Clinical Experience with ELAD in Liver Failure

Clinical Experience with the ELAD System in Liver Failure

Prior to the initiation of our ongoing Phase III clinical trial program, over 145 subjects have received treatment with the ELAD System, including earlier iterations of the ELAD System, at multiple clinical sites in the United States, Europe, Asia and the Middle East in six randomized, controlled, clinical trials, one single-arm trial and a compassionate-use program. Currently, we have a Phase III randomized, controlled clinical trial fully enrolled and a second Phase III clinical trial underway. We also have enrolled our first subject in a Phase II clinical trial of the ELAD System in subjects with fulminant hepatic failure or surgery induced liver failure. Two early studies in acute liver failure were conducted using a different configuration of the ELAD System which involved circulation of whole blood to the VTL C3A cartridges rather than blood plasma. In these studies, 36 subjects were enrolled, of which 23 received treatment with the ELAD System and 13 were controls. The data from these studies led to the development of the next configuration of the ELAD System utilizing blood plasma and informed the design of the next clinical trials in acute liver failure.

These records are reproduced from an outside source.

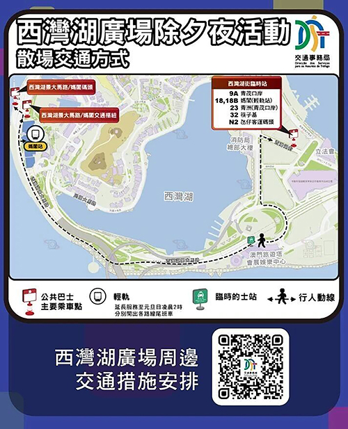 另外,路氹金光大道今晚亦會舉行跨年倒數活動及煙花表演,屆時會實施特別交通安排,包括晚上10時至11時的有限度通車措施,以及晚上11時至翌日凌晨1時的封路措施。
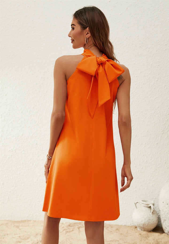 Neckholder-Minikleid mit Bindeband hinten in Orange
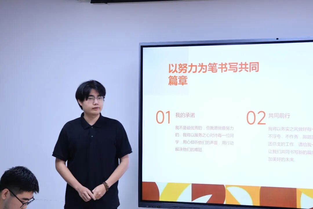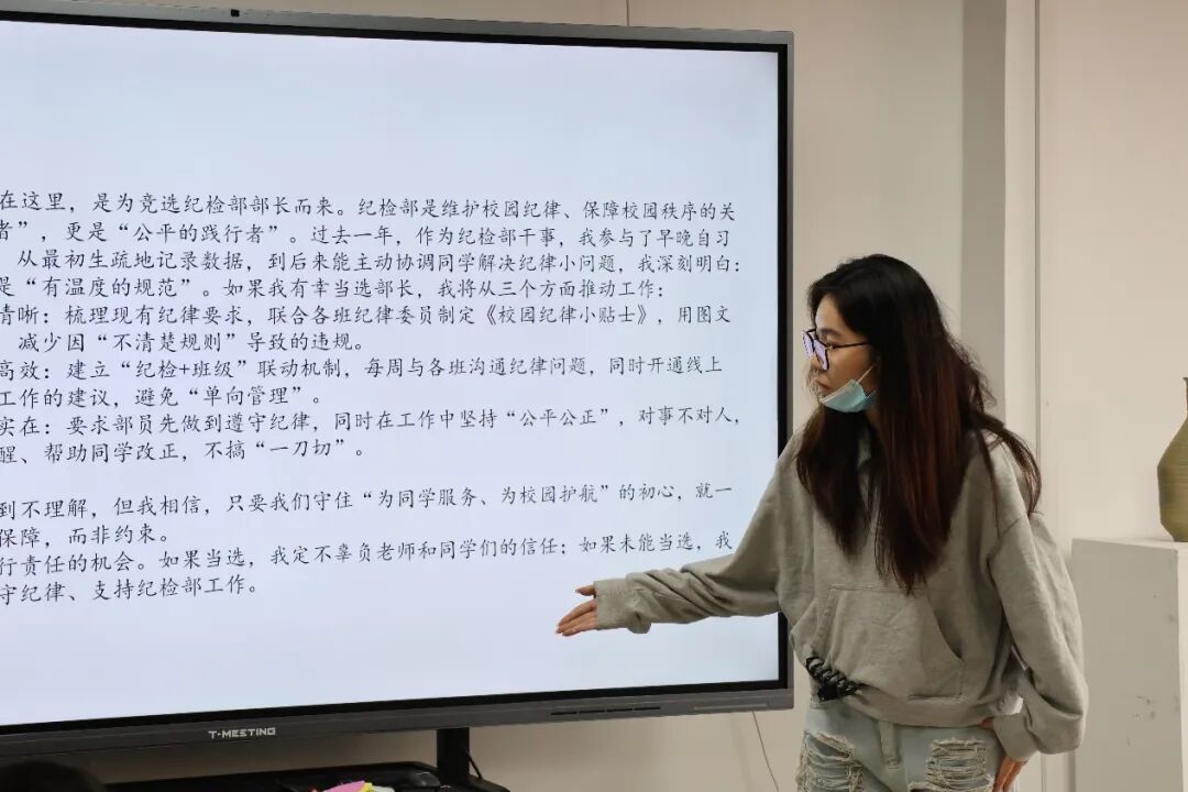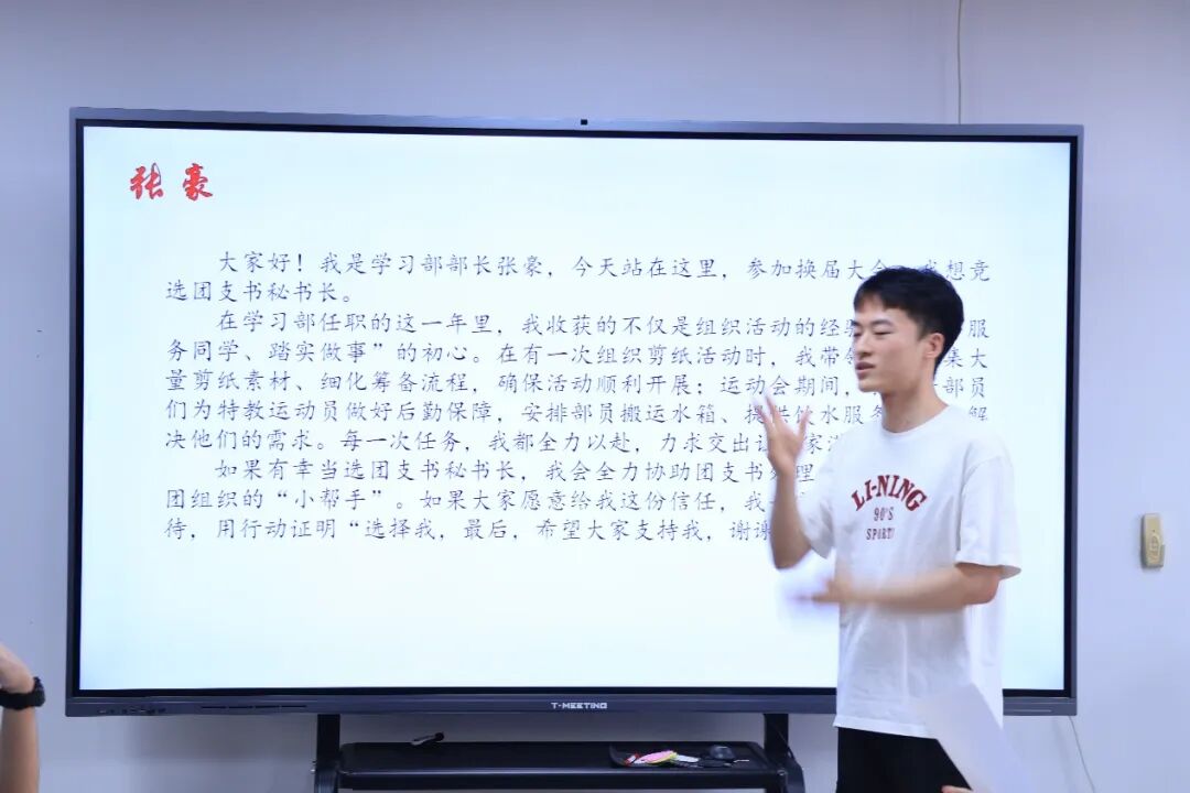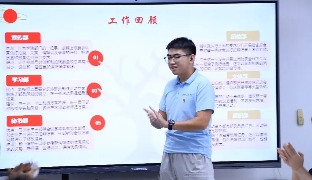 辅导员对过去一学年的学生工作进行了全面的复盘与系统的梳理总结,鼓励大家勇于锻炼自我、不断超越自我,始终坚守“服务学校、服务同学”的宗旨,为学院的高质量发展持续贡献青春力量。同时,辅导员激励竞选新一届学生干部的同学们在实践中锤炼本领、突破自我,将团总支和学生会的服务宗旨落到实处,以实际行动为学院建设添砖加瓦。
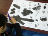 さて今回は、みんなの名前の中の一文字を四つ切り画用紙に墨汁でど〜〜んと描いてもらいました。
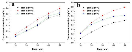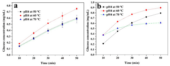 In order to further investigate the factors affecting the cellulase activity, the immobilized and free enzymes were used to hydrolyze a 1% CMC solution for 50 min at 50 °C with different pH levels (3, 4, and 5), as well as at pH4 with different temperatures (50, 60, and 70 °C). The concentration of glucose in the supernatant was measured every 10 min. As shown in Figure 7, both the immobilized and free cellulase had the highest concentrations of glucose at pH 4. The glucose produced by the free enzyme hydrolysis of CMC was higher than that of the immobilized enzyme. However, the change in pH had a greater impact on the free enzyme’s hydrolysis process of CMC. Moreover, the inhibitory effect on enzyme activity was more obvious at pH 3. The immobilized enzyme showed a relatively stable state under these conditions, which could be attributed to the covalent bonds and the CS layer, confirming the above analysis. Figure 8 shows the effect of temperature on the hydrolysis process. As the temperature increased (from 50 to 70 °C), the diffusion coefficient of CMC became stronger and it was easier for the CMC to diffuse into the active sites of the enzyme. For the free enzyme (Figure 8b), the concentration of glucose showed a higher level at 60 and 70 °C during the initial hydrolysis. However, this enzyme may denature and its original structure could be destroyed at an excessively high temperature, which would inhibit the enzyme activity. This is why the growth rate of the glucose concentration quickly returned to being flat at 70 °C. In Figure 8a, compared to the free enzyme, the glucose amount of the immobilized cellulase increased steadily during the 50-min continuous reaction. This is because this enzyme is less susceptible to temperature-induced conformational changes after covalent immobilization [49], meaning that cellulase can maintain its structure during the hydrolysis process.
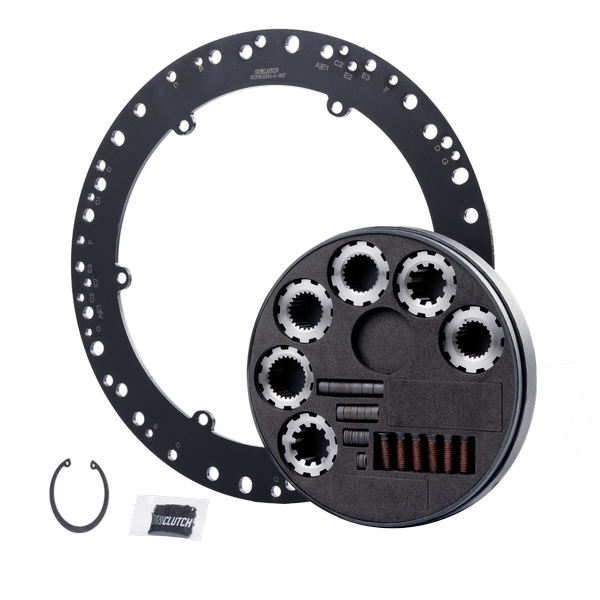 UniClutch Vehicle Fitment Kit includes a Multi-Fit Flywheel Mount, Transmission Spline Set, 12.9 Grade Bolt Kit. Suits 240mm UniClutch.
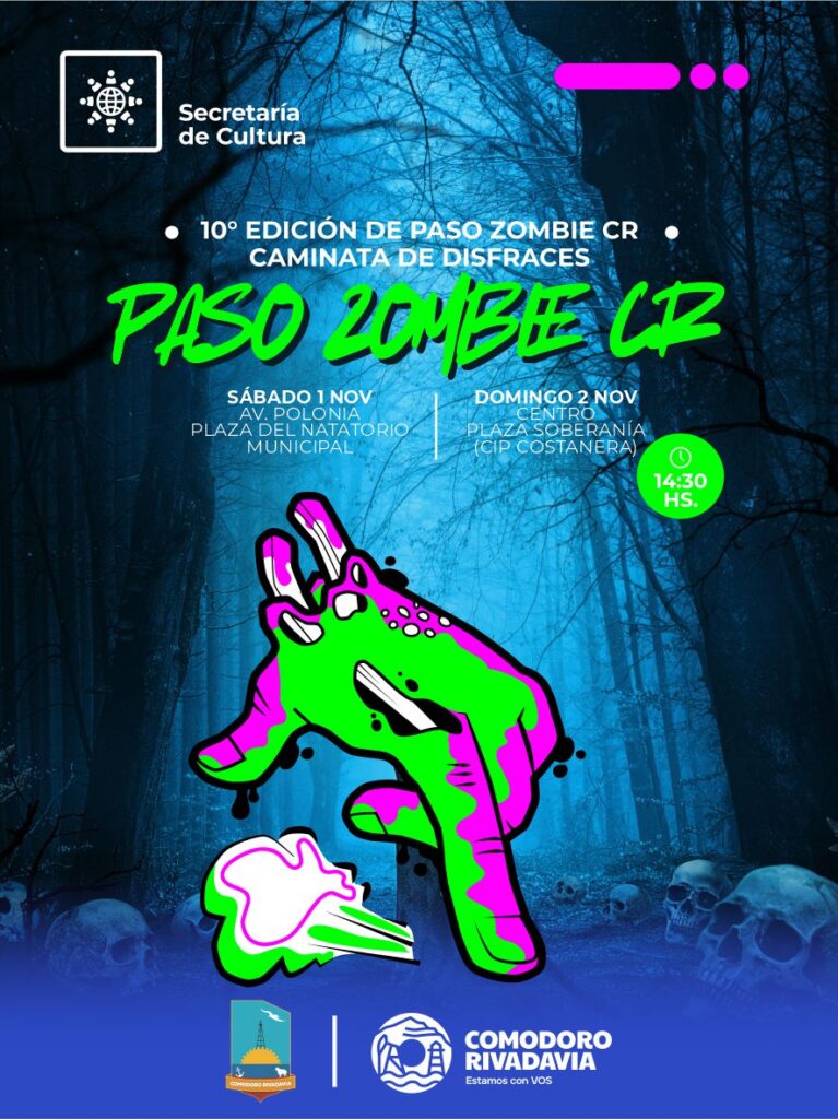 – El “Paso Zombie 2025” invade las calles de Comodoro Rivadavia en su 10° aniversario, con música, baile, circo y mucha diversión. La invitación es para todo el público, que puede ir disfrazado de lo que quiera en un evento familiar.
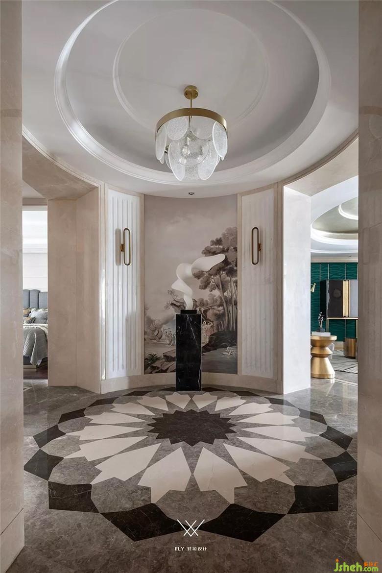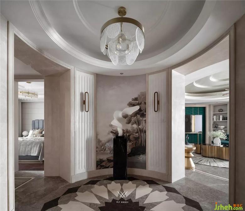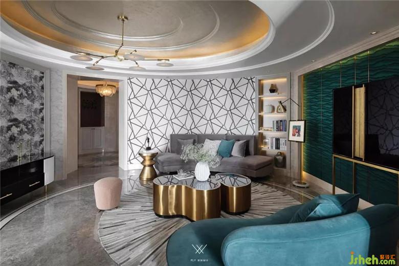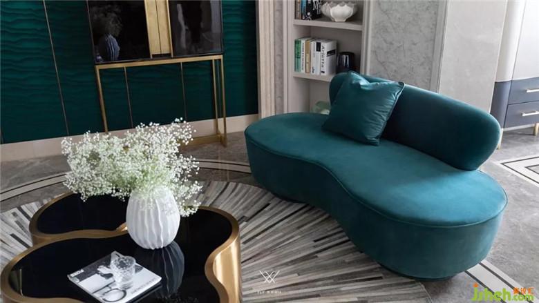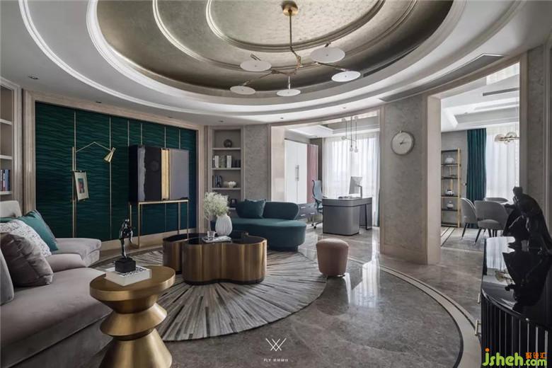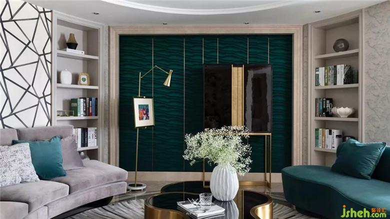 客廳不僅僅承載其自身的功能,而且還是連接餐廳、書房的樞紐。所以為了體現(xiàn)出既有整體又有分散,更多以一種聚合的形式出現(xiàn),我們摒棄了常規(guī)的家具擺法,通過異形沙發(fā)和組合茶幾營造一個圓形的圍合氛圍。原有的硬包、墻紙款式和色調(diào)過于沉悶保守,更換墨綠色墻紙與主背景的硬包款式,在色彩上和家具貫穿起來。
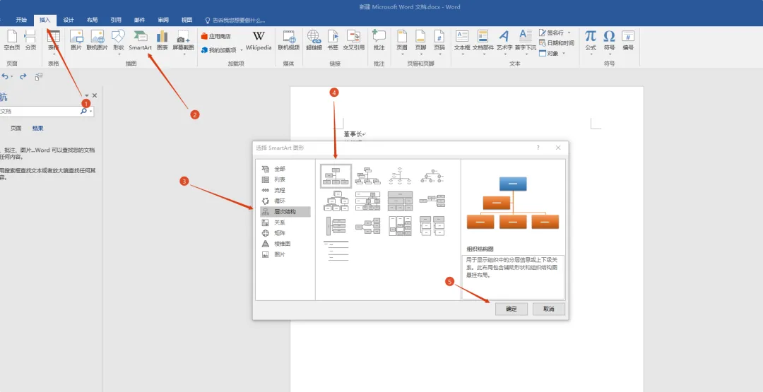 在弹出框”选择Smart Art 图形“弹框中选择”层次结构“中的”组织结构图“,按下”确定“按钮
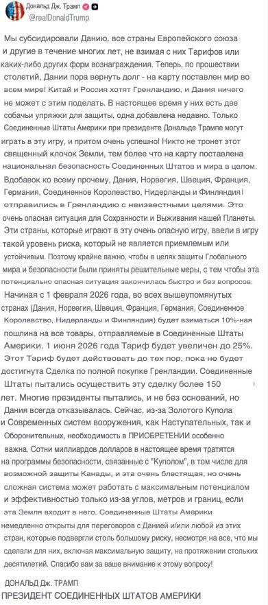На протяжении многих лет мы фактически субсидировали Данию, а также все страны ЕС и ряд других государств, не взимая с них тарифы или иные формы компенсации. Теперь, спустя столетия, настало время Дании вернуть долг — на кону стоит мир в мире. Китай и...
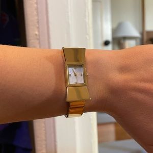In good condition, Kate Spade watch. Beautiful watch with extra links to customize size. Only worn a handful of times. If purchased, watch would need battery change and a check up as it has not been used for years.
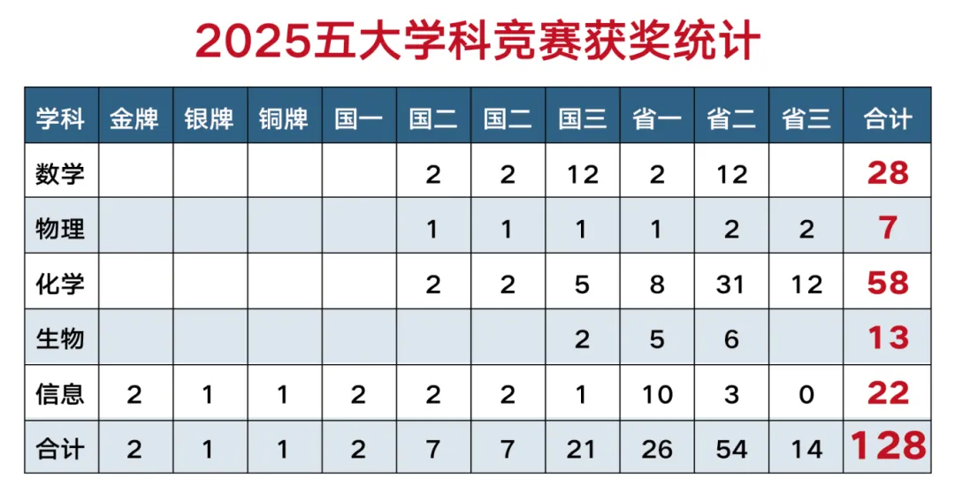 2025年,学校五大奥赛成绩亮眼,斩获全国金牌2枚、银牌1枚、铜牌1枚,国家级奖项18人次,省一等奖26人,累计128人次获省级以上奖项。在南京市普通高中研究性学习成果展示活动中,5项作品获市一等奖;全国青少年航天创新大赛中,斩获国赛4项奖、省赛7项一等奖。校羽毛球队获省锦标赛男团冠军、女团亚军,全国传统学校比赛男团亚军。
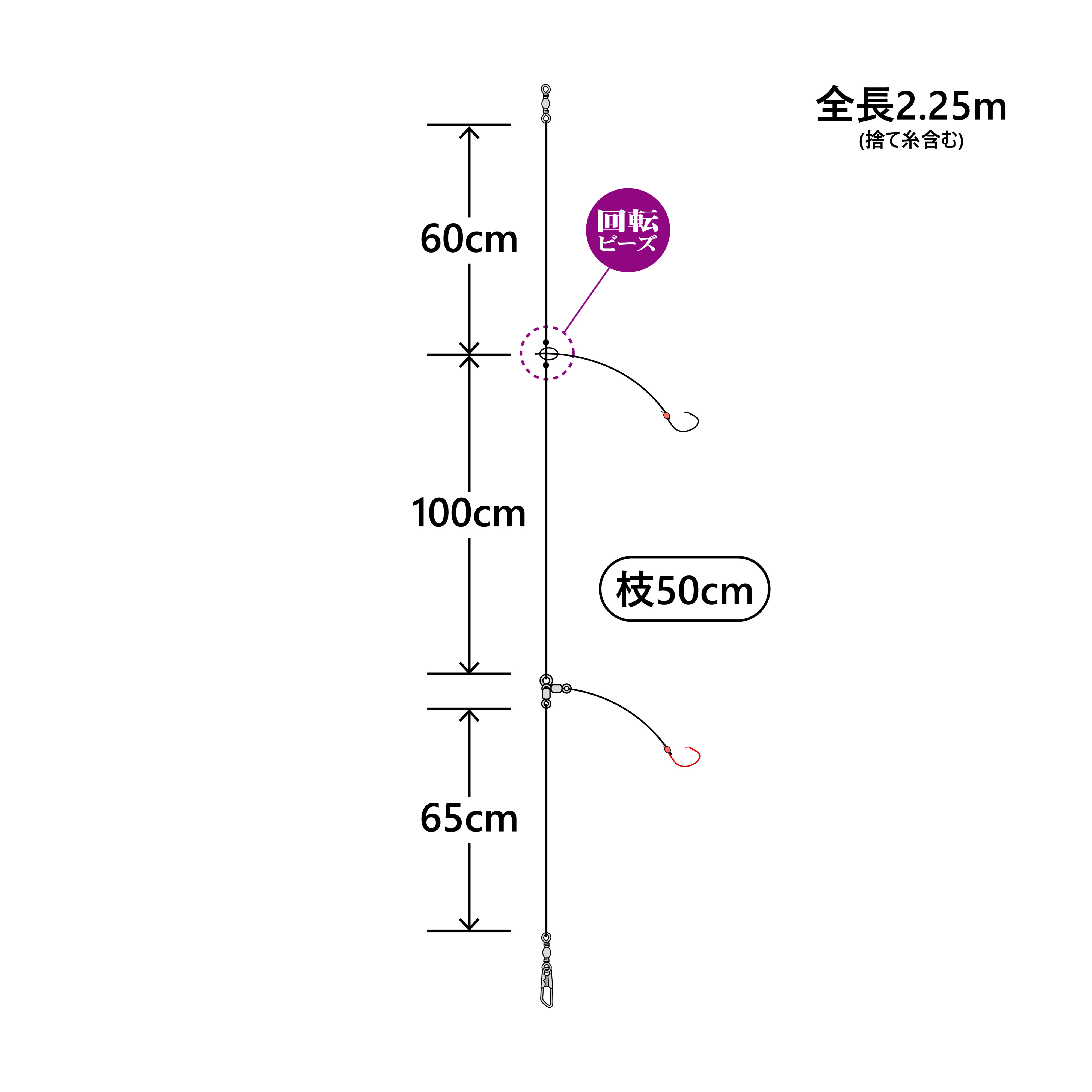 赤 銀 2本仕掛 カラ鈎
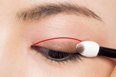 まずはアイホール全体に明るいハイライトを入れ、明るめのブラウンを二重幅の少し上まで丸く入れていきます。
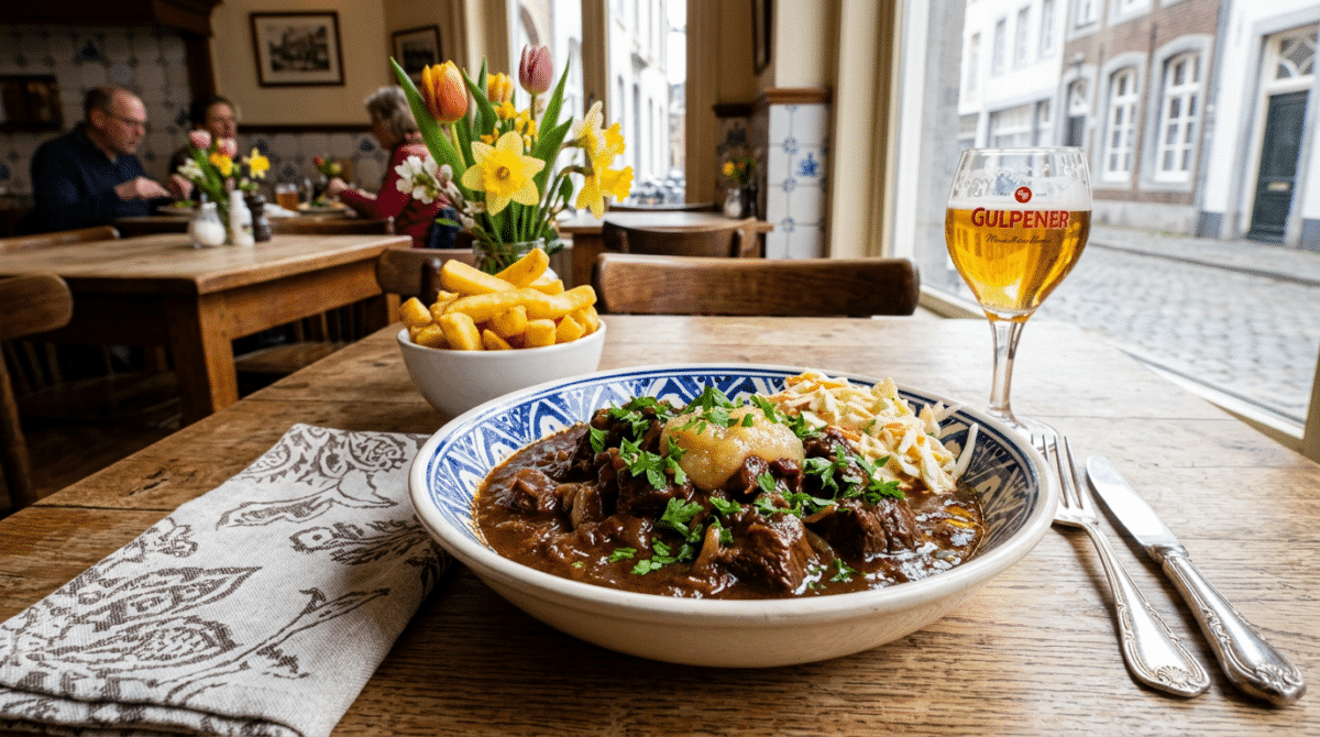 Zoervleisj brengt voor mij de Limburgse sfeer op tafel. Het doet me denken aan lange lenteweekenden bij mijn oma, waar de geur van azijn en stoofvlees in de keuken hing. Dit gerecht combineert zacht vlees met een rijke, licht zure smaak, precies wat ik wil als het weer koeler is maar de lente al begonnen is.
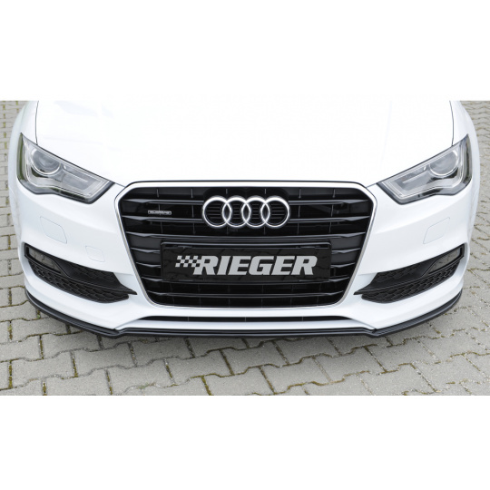 Rieger lipa pod přední nárazník pro Audi A3 S3 8V 3-dvéř. (convertible 8V7), 5-dvéř. (sedan 8VS) před faceliftem, 05/13-08/16, plast ABS lakovaný do černé lesklé barvy

The following table summarizes subsequent clinical trials as well as currently planned clinical trials using the later configuration of the ELAD System involving the treatment of blood plasma:

Trial Date Study Design Indication(s) Sites* Location(s) Total Subjects Enrolled
VTI-208
(Phase III)
Enrollment commenced March 2013 Randomized, controlled AILD 40+ U.S., Europe, Australia 203
VTI-210
(Phase III)
Enrollment commenced November 2014 Randomized, controlled sAAH 40+planned U.S., Europe 150+ planned
VTI-212
(Phase II)
Enrollment commenced June 2014 Single arm in Phase II component FHF and SILF 30+planned U.S. 40 planned
VTI-206
(Phase IIb)
2009-2011 Randomized, controlled AILD and other 26 U.S., Europe 62
Compassionate
-use program
2008-2010 Single-arm Various 6 U.S., U.K., Singapore, Saudi Arabia 16
VTI-201
(Phase IIa)
2008-2009 Randomized, controlled AILD and other 6 U.S. 18
VTIC-301
(Pivotal)
2006-2007 Randomized, controlled Various,primarily viral hepatitis 2 China 69
CR-202
(Phase II)
2002-2003 Randomized, controlled FHF 8 U.S., U.K. 19
PS-0698
(Phase I)
1999-2000 Randomized, controlled FHF 6 U.S., U.K. 25

*For ongoing trials, represents numbers of clinical sites which will fluctuate throughout the trials in part based on resources and competition between trials for patients.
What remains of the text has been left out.